**WHAT YOU ARE ASKED TO DO**
Every picture stays out; everything else in the listing below is to be returned exactly.

**ENTRIES PROVIDED**
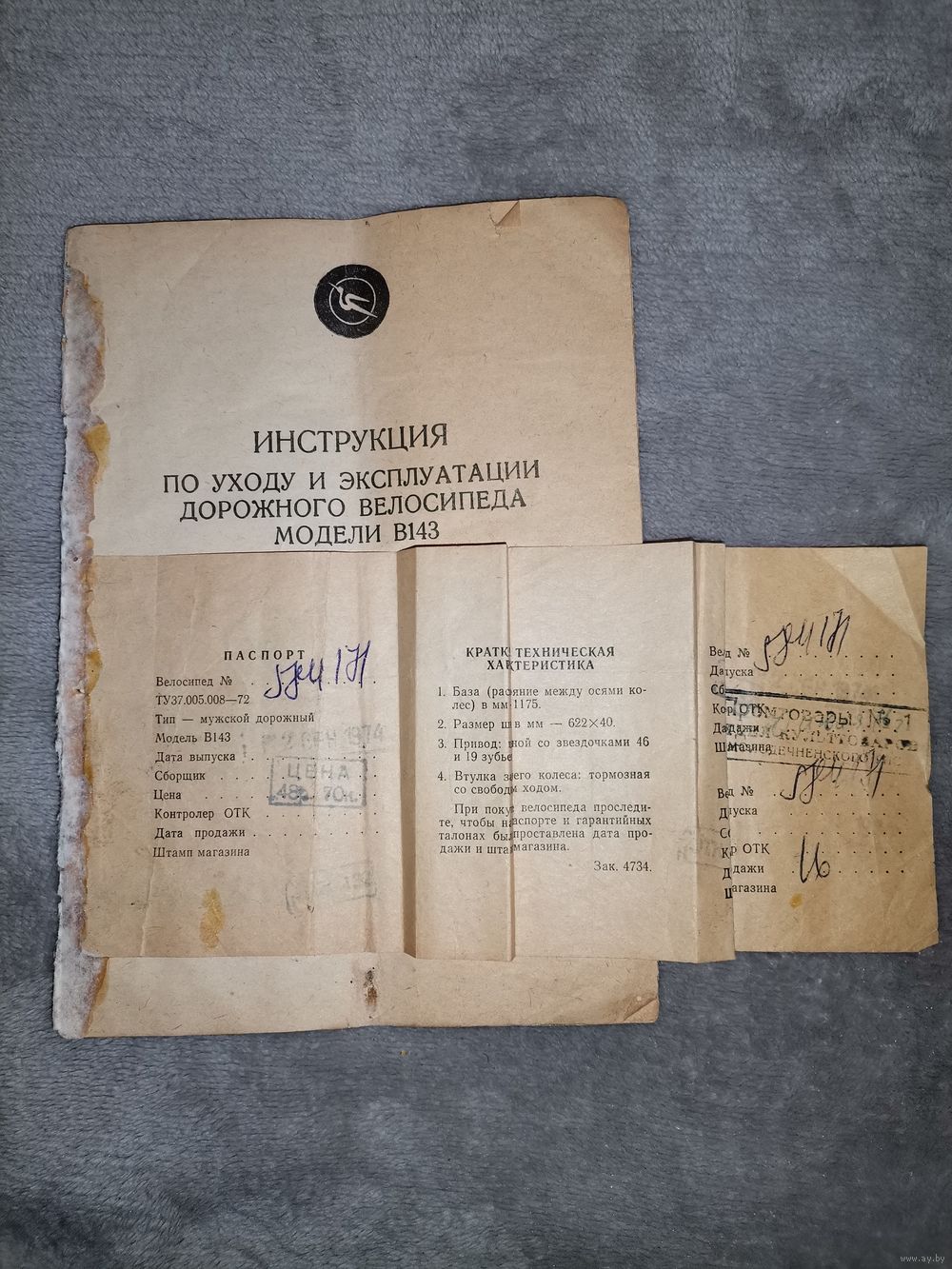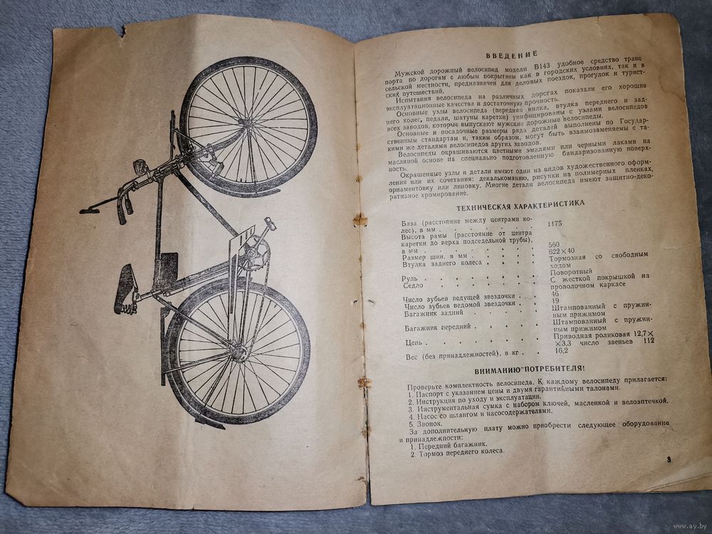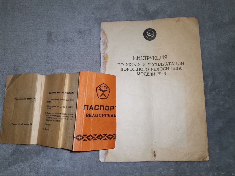Паспорт и Инструкция по уходу и эксплуатации дорожного велосипеда модели В143. 1974г. Состояние на фото. Отправка только Европочтой
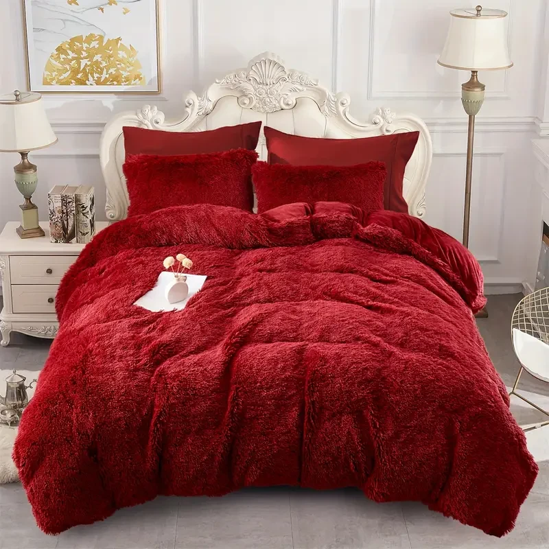 Transform your bed into a haven of cozy comfort with the 5-Piece Plush Shaggy Duvet Cover Set. This luxurious bedding set is crafted with ultra-soft faux fur that feels inviting and warm, perfect for a relaxing night's sleep.
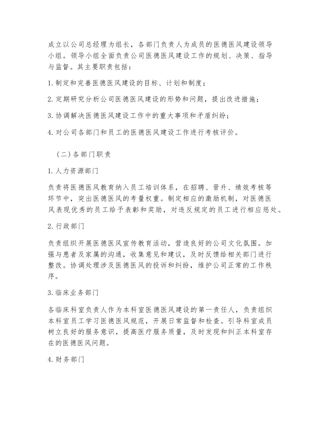 成立以公司总经理为组长,各部门负责人为成员的医德医风建设领导小组。领导小组全面负责公司医德医风建设工作的规划、决策、指导与监督。其主要职责包括:1.制定和完善医德医风建设的目标、计划和制度;2.定期研究分析公司医德医风建设的形势和问题,提出改进措施;3.协调解决医德医风建设工作中的重大事项和矛盾纠纷;4.对公司各部门和员工的医德医风建设工作进行考核评价。(二)各部门职责1.人力资源部门负责将医德医风教育纳入员工培训体系,在招聘、晋升、绩效考核等环节中,突出医德医风的考量权重。制定相应的激励机制,对医德医风表现优秀的员工给予表彰和奖励,对违反规定的员工进行相应惩处。2.行政部门负责组织开展医德医风宣传教育活动,营造良好的公司文化氛围。加强与患者及家属的沟通,收集意见和建议,及时反馈给相关部门进行整改。协调处理涉及医德医风的投诉和纠纷,维护公司正常的工作秩序。3.临床业务部门各临床科室负责人作为本科室医德医风建设的第一责任人,负责组织本科室员工学习医德医风规范,开展日常监督和检查。引导科室成员树立良好的服务意识,提高医疗服务质量,及时发现和纠正本科室存在的医德医风问题。4.财务部门
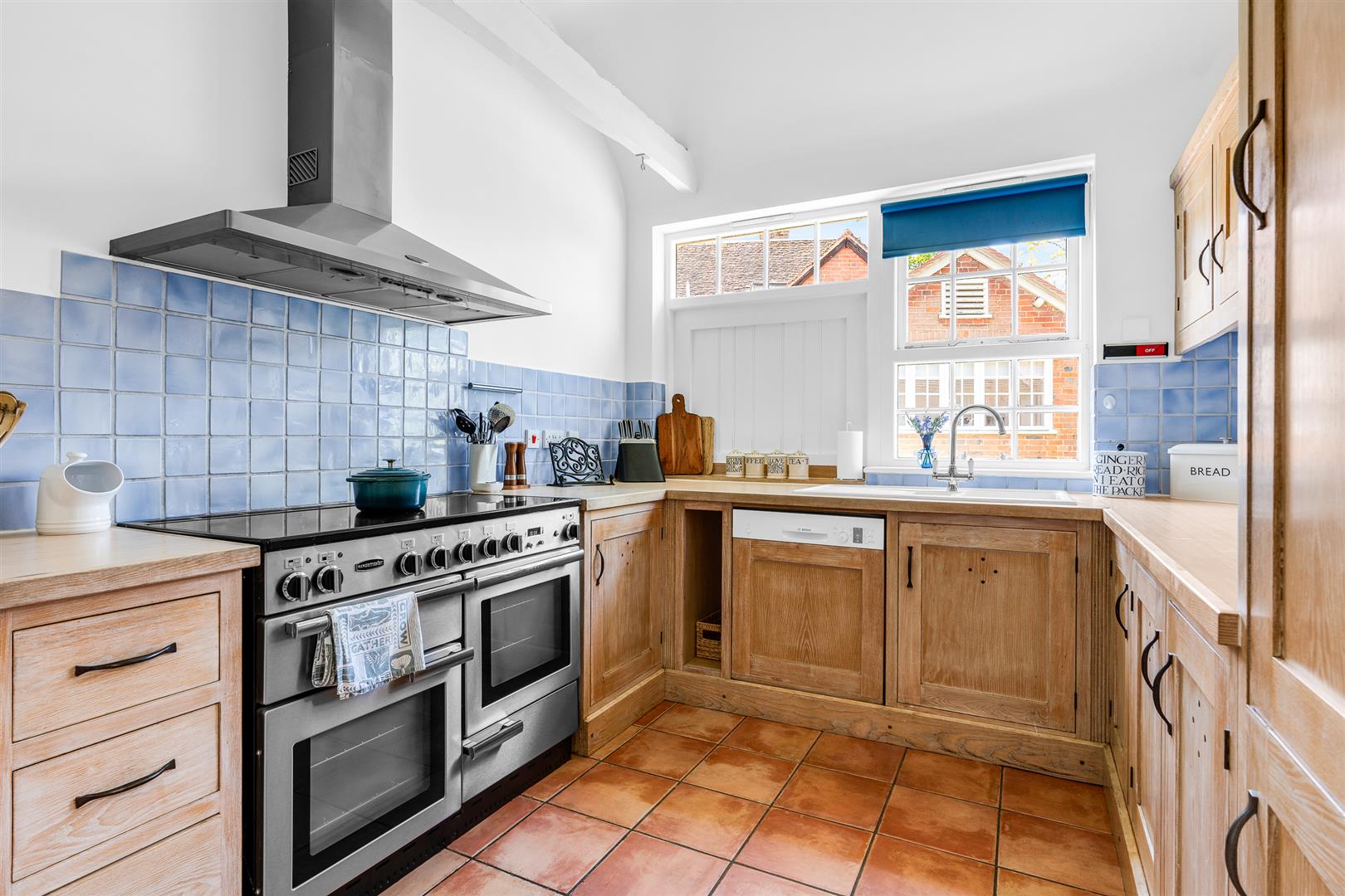 The kitchen is fully fitted with a range of wall and floor mounted cupboards ensuring ample storage, as well as a full complement of integrated appliances and appropriate floor space for a double oven range style cooker. Natural stone floor tiles are both practical and appealing, nicely complementing the light blue tiled splashbacks.
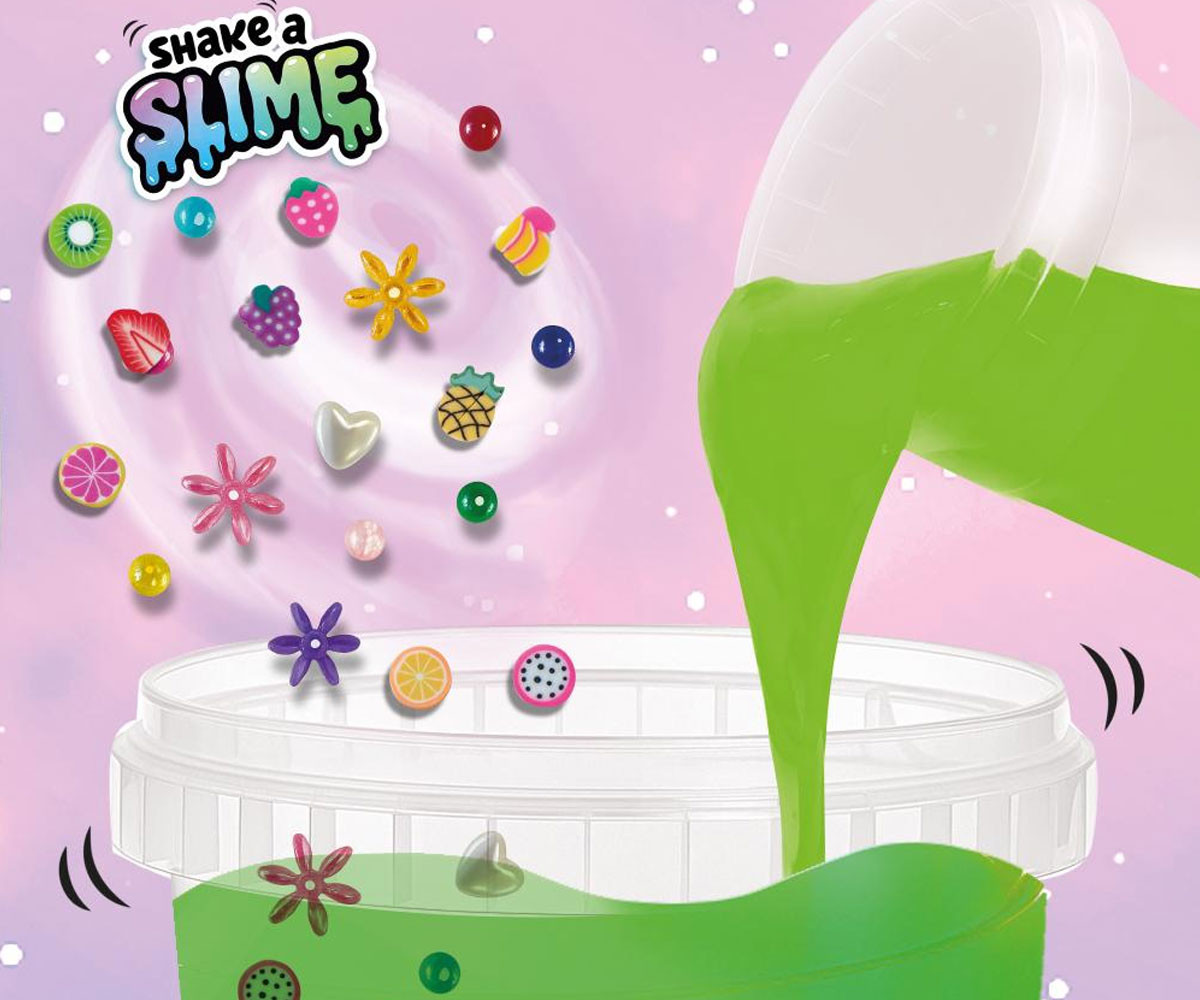 Със специалната шейкър чаша мънистата се смесват лесно и ефектно. Добавете готовия слайм и декорациите, разклатете и създайте своя уникален „слайм плодове“. С този комплект всяка игра се превръща в истинско плодово забавление!
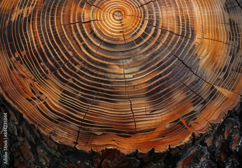 Cross-section of a tree trunk showing its growth rings and the detailed texture of the wood grain
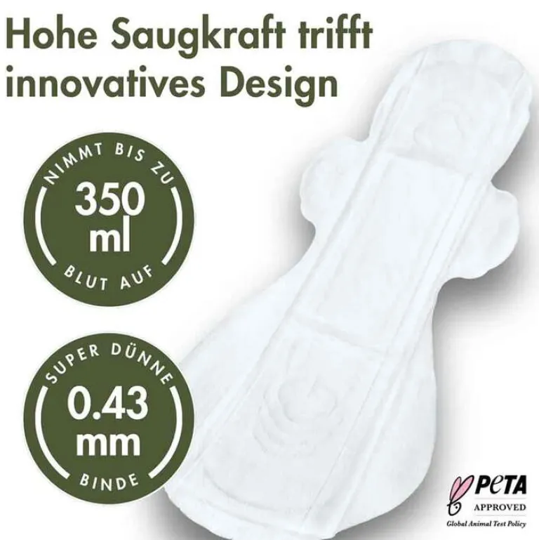 Das Topsheet ist aus Bio-Baumwolle, weitere Schichten bestehen aus Bambus und Zellstoff. Auf der Unterseite befindet sich ein Klebestreifen aus atmungsaktiver PE-Folie.
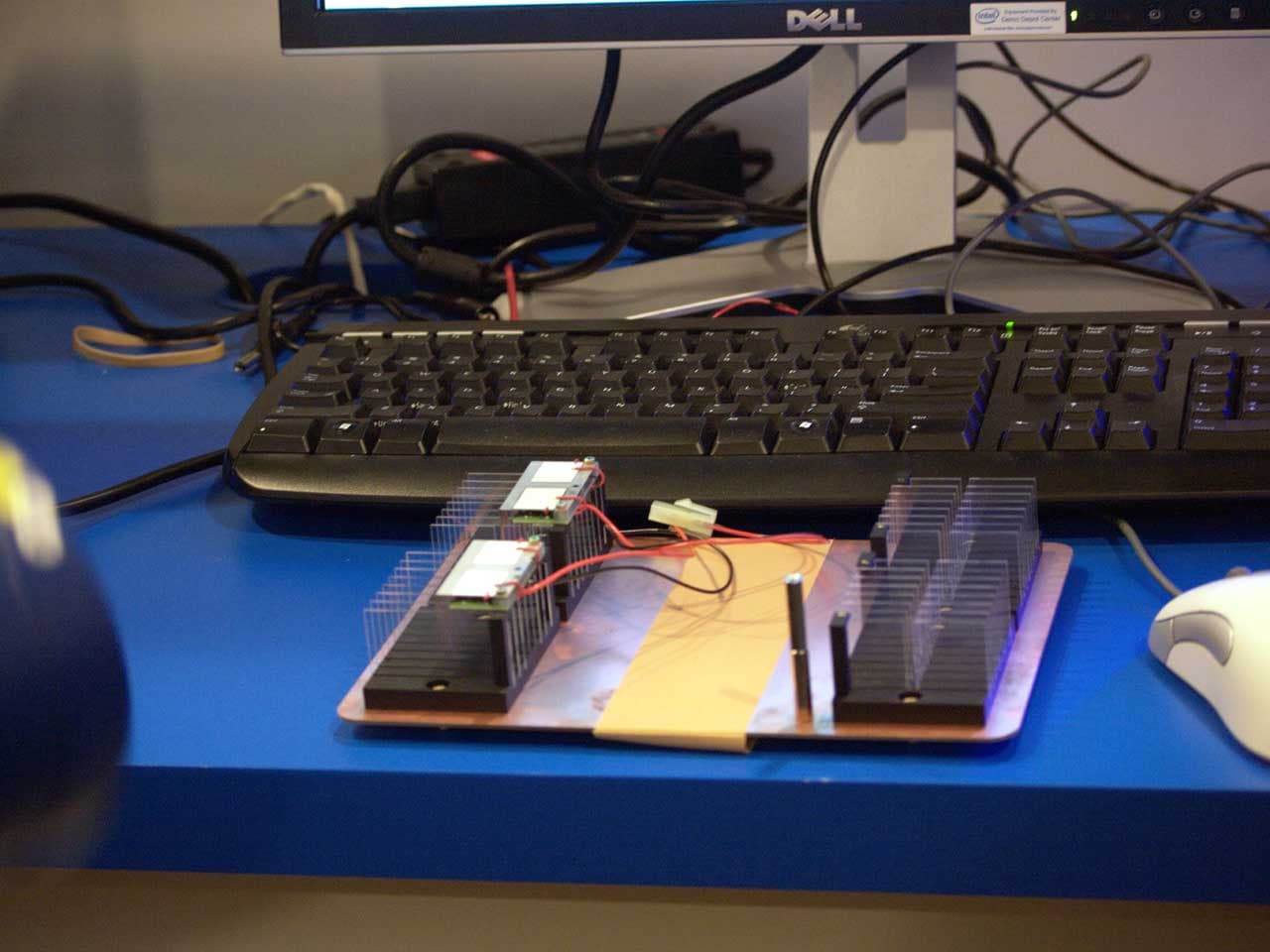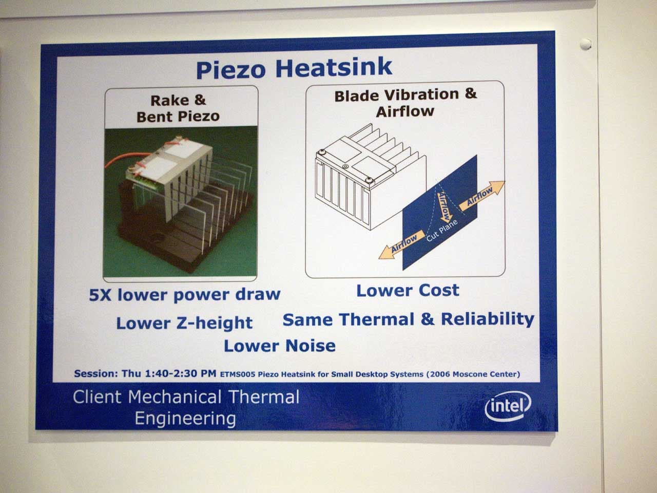 На форуме Intel для разработчиков особое внимание привлекла к себе новая технология охлаждения, объединяющая достоинства традиционных систем охлаждения процессоров и пьезоэлектрической технологии. Новая технология ориентирована на маломощные в плане тепловыделения системы (до 20 Вт рассеиваемого тепла, например на процессоры Atom), но требовательные к габаритам систем охлаждения. Пьезокулер устроен так: над требующим охлаждения чипом размещается пьезоэлектрический элемент, представляющий собой вибрирующую (колеблющуюся) с высокой частотой пластину. Эти движения пластины и создают воздушный поток, который и отводит тепло. На глаз отдельные колебания не заметны, точнее видно нечто размазанное из-за высокой частоты колебаний, зато если направить на такой пьезокулер луч стробоскопа, можно убедиться, что пластина совершает более 5700 колебаний в минуту.
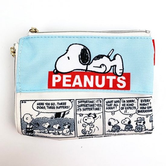 ティッシュポーチ側はスヌーピーの寝そべりデザイン&コミックデザインです。大きい面はファスナーがサイドまで開くので、中身を出し入れしやすくて機能的♪

**SOLUTION FOR THIS PROBLEM**
Паспорт и Инструкция по уходу и эксплуатации дорожного велосипеда модели В143. 1974г. Состояние на фото. Отправка только Европочтой
 Transform your bed into a haven of cozy comfort with the 5-Piece Plush Shaggy Duvet Cover Set. This luxurious bedding set is crafted with ultra-soft faux fur that feels inviting and warm, perfect for a relaxing night's sleep.
 成立以公司总经理为组长,各部门负责人为成员的医德医风建设领导小组。领导小组全面负责公司医德医风建设工作的规划、决策、指导与监督。其主要职责包括:1.制定和完善医德医风建设的目标、计划和制度;2.定期研究分析公司医德医风建设的形势和问题,提出改进措施;3.协调解决医德医风建设工作中的重大事项和矛盾纠纷;4.对公司各部门和员工的医德医风建设工作进行考核评价。(二)各部门职责1.人力资源部门负责将医德医风教育纳入员工培训体系,在招聘、晋升、绩效考核等环节中,突出医德医风的考量权重。制定相应的激励机制,对医德医风表现优秀的员工给予表彰和奖励,对违反规定的员工进行相应惩处。2.行政部门负责组织开展医德医风宣传教育活动,营造良好的公司文化氛围。加强与患者及家属的沟通,收集意见和建议,及时反馈给相关部门进行整改。协调处理涉及医德医风的投诉和纠纷,维护公司正常的工作秩序。3.临床业务部门各临床科室负责人作为本科室医德医风建设的第一责任人,负责组织本科室员工学习医德医风规范,开展日常监督和检查。引导科室成员树立良好的服务意识,提高医疗服务质量,及时发现和纠正本科室存在的医德医风问题。4.财务部门
 The kitchen is fully fitted with a range of wall and floor mounted cupboards ensuring ample storage, as well as a full complement of integrated appliances and appropriate floor space for a double oven range style cooker. Natural stone floor tiles are both practical and appealing, nicely complementing the light blue tiled splashbacks.
 Със специалната шейкър чаша мънистата се смесват лесно и ефектно. Добавете готовия слайм и декорациите, разклатете и създайте своя уникален „слайм плодове“. С този комплект всяка игра се превръща в истинско плодово забавление!
 Cross-section of a tree trunk showing its growth rings and the detailed texture of the wood grain
 Das Topsheet ist aus Bio-Baumwolle, weitere Schichten bestehen aus Bambus und Zellstoff. Auf der Unterseite befindet sich ein Klebestreifen aus atmungsaktiver PE-Folie.
 На форуме Intel для разработчиков особое внимание привлекла к себе новая технология охлаждения, объединяющая достоинства традиционных систем охлаждения процессоров и пьезоэлектрической технологии. Новая технология ориентирована на маломощные в плане тепловыделения системы (до 20 Вт рассеиваемого тепла, например на процессоры Atom), но требовательные к габаритам систем охлаждения. Пьезокулер устроен так: над требующим охлаждения чипом размещается пьезоэлектрический элемент, представляющий собой вибрирующую (колеблющуюся) с высокой частотой пластину. Эти движения пластины и создают воздушный поток, который и отводит тепло. На глаз отдельные колебания не заметны, точнее видно нечто размазанное из-за высокой частоты колебаний, зато если направить на такой пьезокулер луч стробоскопа, можно убедиться, что пластина совершает более 5700 колебаний в минуту.
 ティッシュポーチ側はスヌーピーの寝そべりデザイン&コミックデザインです。大きい面はファスナーがサイドまで開くので、中身を出し入れしやすくて機能的♪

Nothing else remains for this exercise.